**** TASK DATA

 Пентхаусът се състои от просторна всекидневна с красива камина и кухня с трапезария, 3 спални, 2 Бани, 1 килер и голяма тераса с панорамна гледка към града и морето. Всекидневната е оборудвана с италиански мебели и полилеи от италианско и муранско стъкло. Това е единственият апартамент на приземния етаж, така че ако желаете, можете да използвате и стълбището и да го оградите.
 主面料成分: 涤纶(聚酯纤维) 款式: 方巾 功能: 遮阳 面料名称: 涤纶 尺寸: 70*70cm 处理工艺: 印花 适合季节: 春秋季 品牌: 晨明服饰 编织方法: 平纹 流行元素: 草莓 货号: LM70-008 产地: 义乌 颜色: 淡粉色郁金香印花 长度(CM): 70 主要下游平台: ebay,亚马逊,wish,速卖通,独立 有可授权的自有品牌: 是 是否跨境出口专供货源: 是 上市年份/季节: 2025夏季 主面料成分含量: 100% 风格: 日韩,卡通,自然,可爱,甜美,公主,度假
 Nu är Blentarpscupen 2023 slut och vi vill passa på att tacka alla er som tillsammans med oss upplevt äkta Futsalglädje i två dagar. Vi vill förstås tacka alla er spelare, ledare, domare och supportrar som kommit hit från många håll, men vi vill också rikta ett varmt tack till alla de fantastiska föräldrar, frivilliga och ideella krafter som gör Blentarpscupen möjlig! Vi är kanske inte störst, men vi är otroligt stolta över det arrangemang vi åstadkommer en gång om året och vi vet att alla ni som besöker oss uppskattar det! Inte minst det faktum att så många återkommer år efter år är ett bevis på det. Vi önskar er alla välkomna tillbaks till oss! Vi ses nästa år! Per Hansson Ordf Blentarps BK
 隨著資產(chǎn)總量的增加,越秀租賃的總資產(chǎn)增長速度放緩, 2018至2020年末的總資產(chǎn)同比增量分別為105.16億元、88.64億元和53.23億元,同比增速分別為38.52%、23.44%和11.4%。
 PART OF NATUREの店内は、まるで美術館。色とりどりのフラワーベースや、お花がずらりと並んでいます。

********
**** TASK DATA

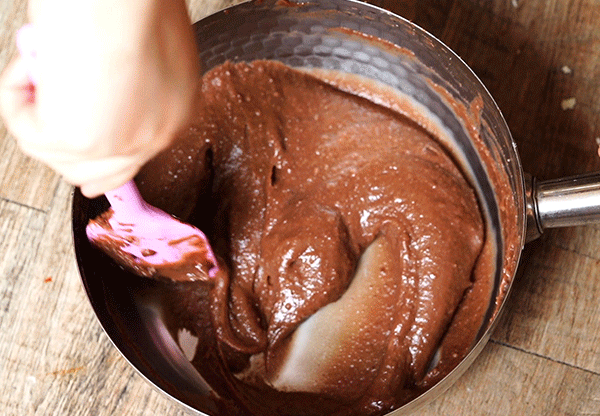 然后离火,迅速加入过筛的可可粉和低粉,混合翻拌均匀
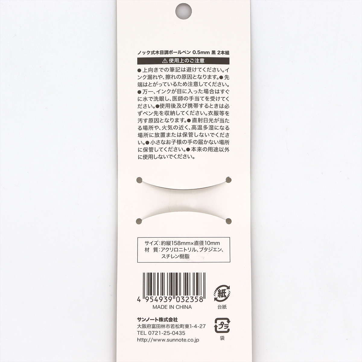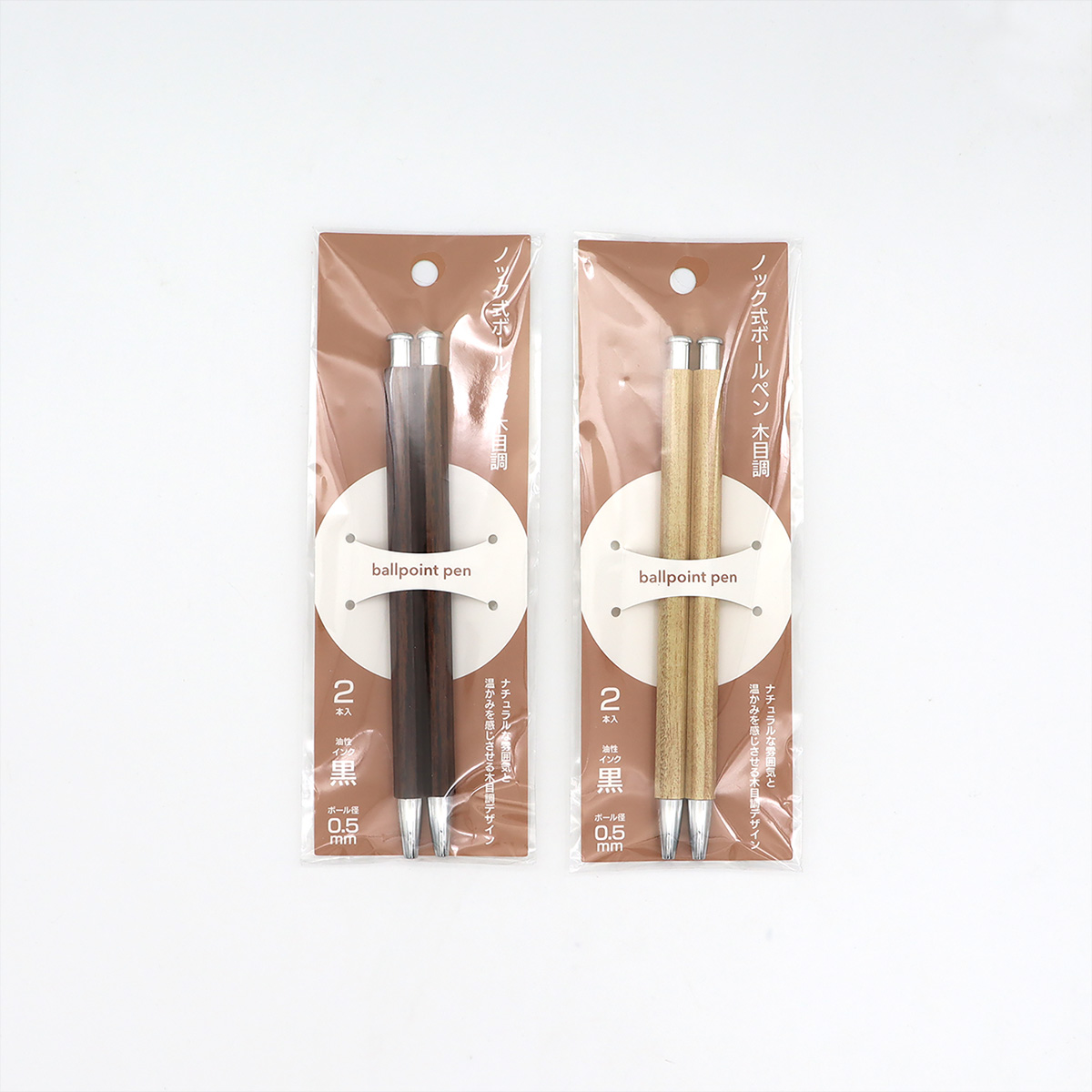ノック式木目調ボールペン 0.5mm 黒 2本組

********

From the records above, transcribe exactly the lines starting at the one containing "然后离火,迅速加入过筛的可可粉和低粉,混合翻拌均匀" and ending at the one containing "ノック式木目調ボールペン 0.5mm 黒 2本組". Skip the pictures.

▸ REPLY
 然后离火,迅速加入过筛的可可粉和低粉,混合翻拌均匀
ノック式木目調ボールペン 0.5mm 黒 2本組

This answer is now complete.